Reads the current value of each key into a %{key => value} map.
Runs one reconcile pass against the desired state.
Types
@type desired() :: %{optional(Linx.Sysctl.key()) => Linx.Sysctl.value()}
Desired state: dot-form key to the value to converge on.
@type last_applied() :: %{optional(Linx.Sysctl.key()) => ownership()}
Reconciler-held ownership map, keyed by dot-form sysctl key.
@type op() :: {:set, Linx.Sysctl.key(), Linx.Sysctl.value()} | {:revert, Linx.Sysctl.key(), Linx.Sysctl.value()} | {:release, Linx.Sysctl.key()}
A reconcile op. :set/:revert write; :release is a no-op marker.
@type opts() :: [in: Linx.Sysctl.in_target(), revert_on_release: boolean()]
Options for reconcile/3 and diff/4:
:in— target namespace, forwarded verbatim toLinx.Sysctl(:selfdefault,{:pid, n},{:path, p}).:revert_on_release— restore captured originals when a key leaves the desired set (defaultfalse).
@type ownership() :: %{ applied: Linx.Sysctl.value(), original: Linx.Sysctl.value() | nil }
Per-key ownership record. :applied is the value we last wrote; :original
is the value that was there before we first touched the key (or nil if it
was unreadable at capture time).
Functions
@spec diff( %{optional(Linx.Sysctl.key()) => binary()}, desired(), last_applied(), opts() ) :: [op()]

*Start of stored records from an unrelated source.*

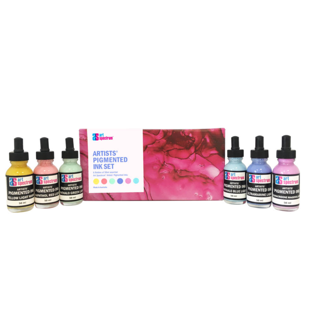 ART SPECTRUM 6x50ml BASIC COLOUR ASSORTED PIGMENT INK SET. This set contains one each of the colours: Yellow, Red, Blue, Green, Sepia and Black. |
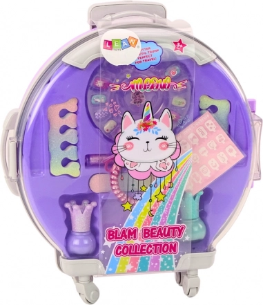 Uroczy dziecięcy kosmetyczny kuferek na kółkach z 9 elementami do kreatywnego zdobienia paznokci i zabawnego makijażu. Kompaktowy fioletowy „salon to go” zawiera wszystko do kreatywnej zabawy, błyszczących lakierów, naklejek na paznokcie oraz praktycznych akcesoriów. Idealny w podróży i w domu, z naciskiem na bezpieczną zabawę i rozwój wyobraźni.
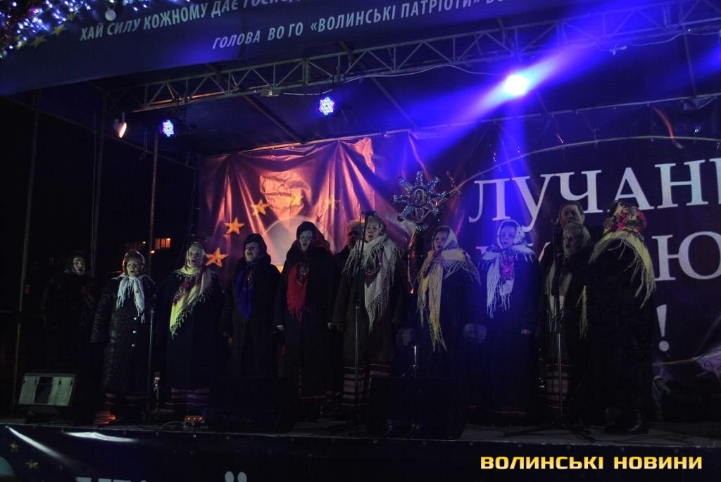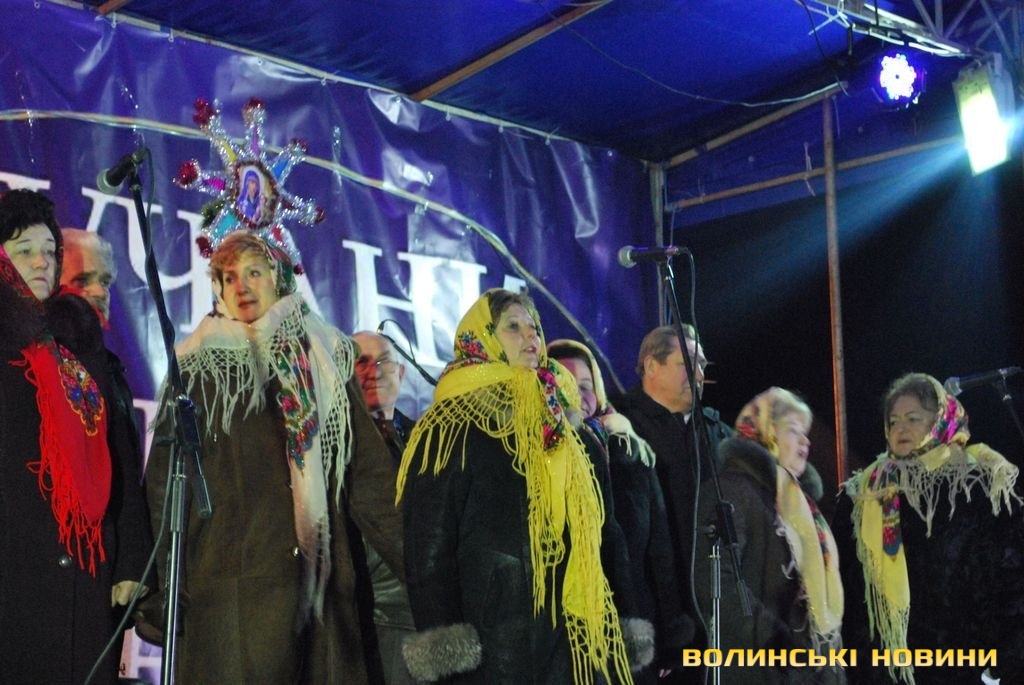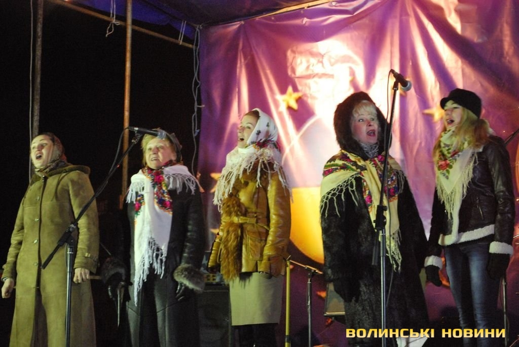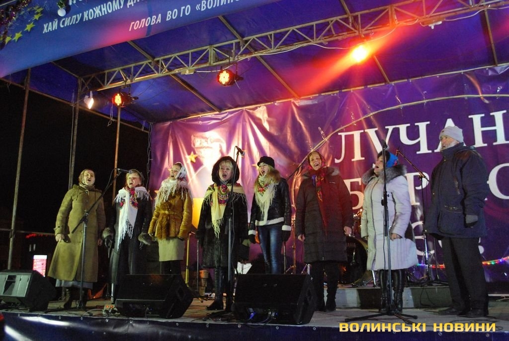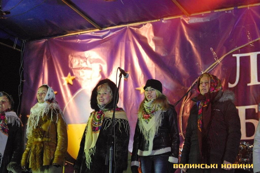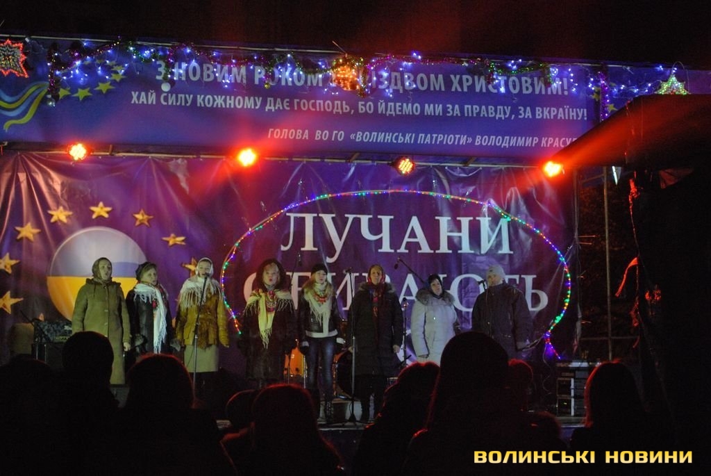Першими на Євромайданівській сцені з побажаннями щасливих свят виступили учасники ансамблю «Джерела Волині». Для лучан також співали щедрівки та святкові пісні квартет «Акорд», гурт «Весела родина» та багато інших виконавців і творчих колективів.
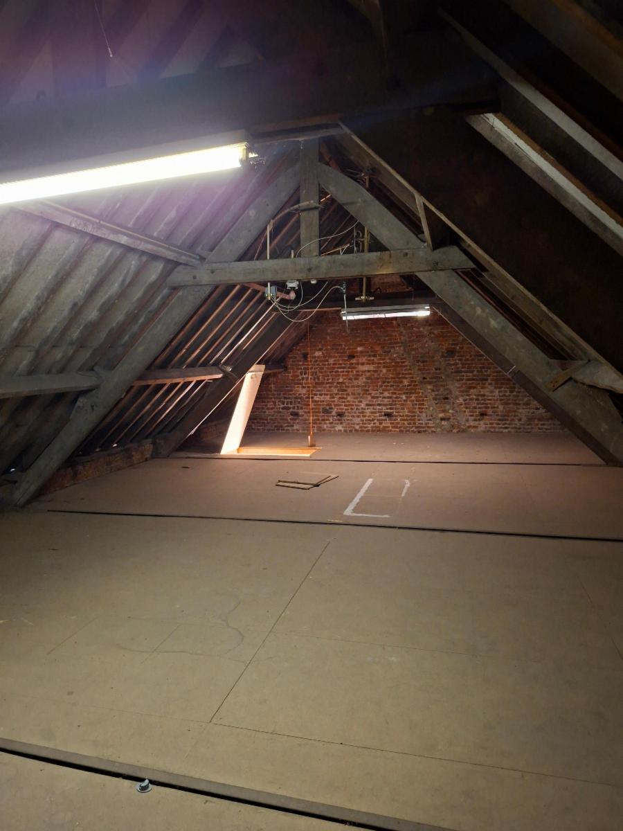-Toiture non isolée en tuiles (présence d'Eternit sur le toit de l'annexe).
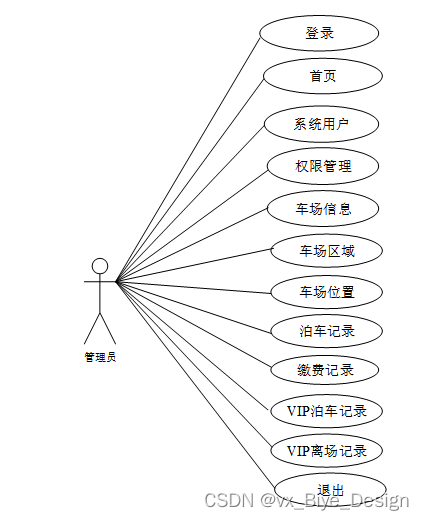 智能停车场管理系统中管理员角色用例图如图2.2所示:
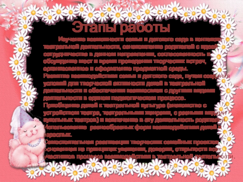 сада в контексте театральной деятельности, ознакомление родителей с идеей сотрудничества в данном направлении, согласованность и обсуждение мест и время проведения творческих встреч, организованное и оформление предметной среды.
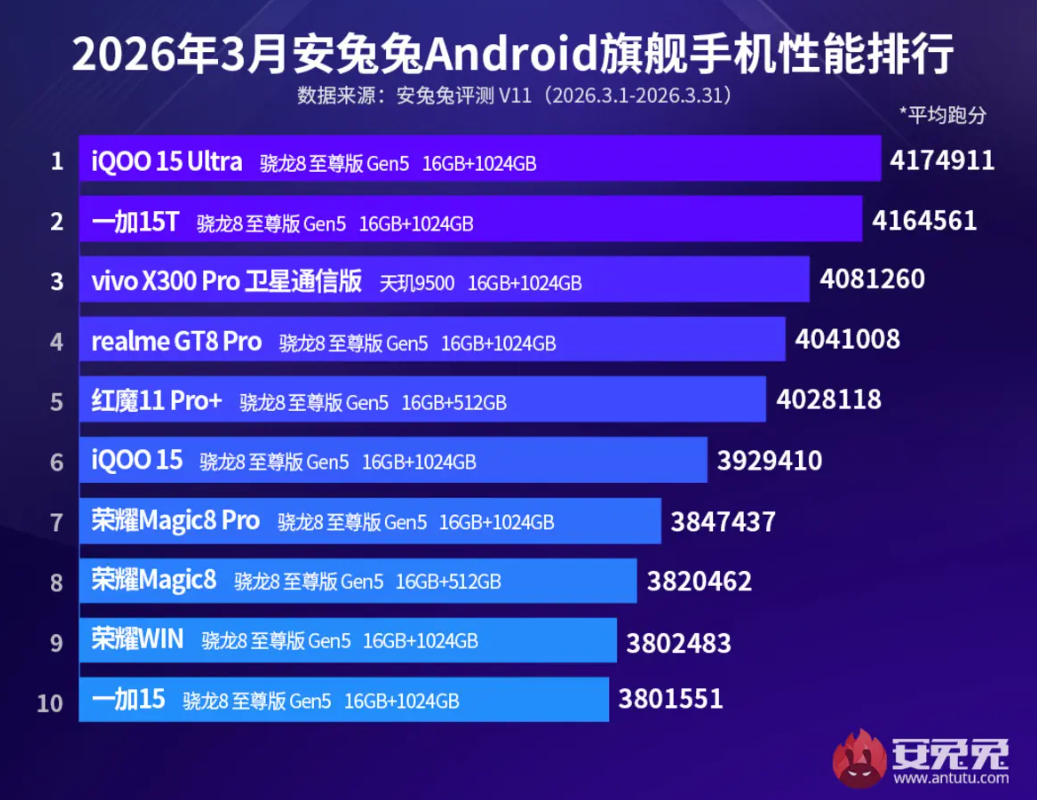 AnTuTu’nun Mart 2026 sıralamasında zirveye çıkan model, ortalama 4.174.911 puanla iQOO 15 Ultra oldu. Listenin ikinci sırasında ise 4.164.561 puanla OnePlus 15T yer aldı. En ilginç detay ise aynı Snapdragon 8 Elite Gen 5 işlemcisini kullanan OnePlus 15’in ancak onuncu sırada kalabilmesi. OnePlus 15T’nin daha etkili soğutma sistemi ve agresif performans ayarı sayesinde bu belirgin farkı yarattığı belirtiliyor.

Computes the ops that would converge observed to desired, given the
last_applied ownership map. Pure — no I/O.
Produces:
{:set, key, value}— desired key whose observed value differs (or that is absent fromobserved);{:revert, key, original}— released key, whenrevert_on_release: trueand an original was captured;{:release, key}— released key otherwise.
Order is irrelevant for sysctl; ops are emitted sets-then-releases for a stable, readable result.
@spec observe([Linx.Sysctl.key()], opts()) :: %{ optional(Linx.Sysctl.key()) => binary() }
Reads the current value of each key into a %{key => value} map.
Keys that can't be read (e.g. :enoent, :eacces) are simply absent from
the result — the diff treats an absent desired key as needing a write and
lets the write surface the real error.
@spec reconcile(desired(), last_applied(), opts()) :: {:ok, Linx.Sysctl.Reconcile.Report.t()}
Runs one reconcile pass against the desired state.
Reads the current value of every relevant key (those in desired and those
still owned in last_applied), diffs, applies best-effort, and returns
{:ok, %Report{}}. The report's :last_applied is the updated ownership
map to thread into the next pass.
Never returns {:error, _} for kernel-level failures — per-op errors are
recorded in report.failed, because a partial apply is a normal transient
state the next pass corrects, not a fatal condition. (A malformed :in
option still raises via the underlying verbs.)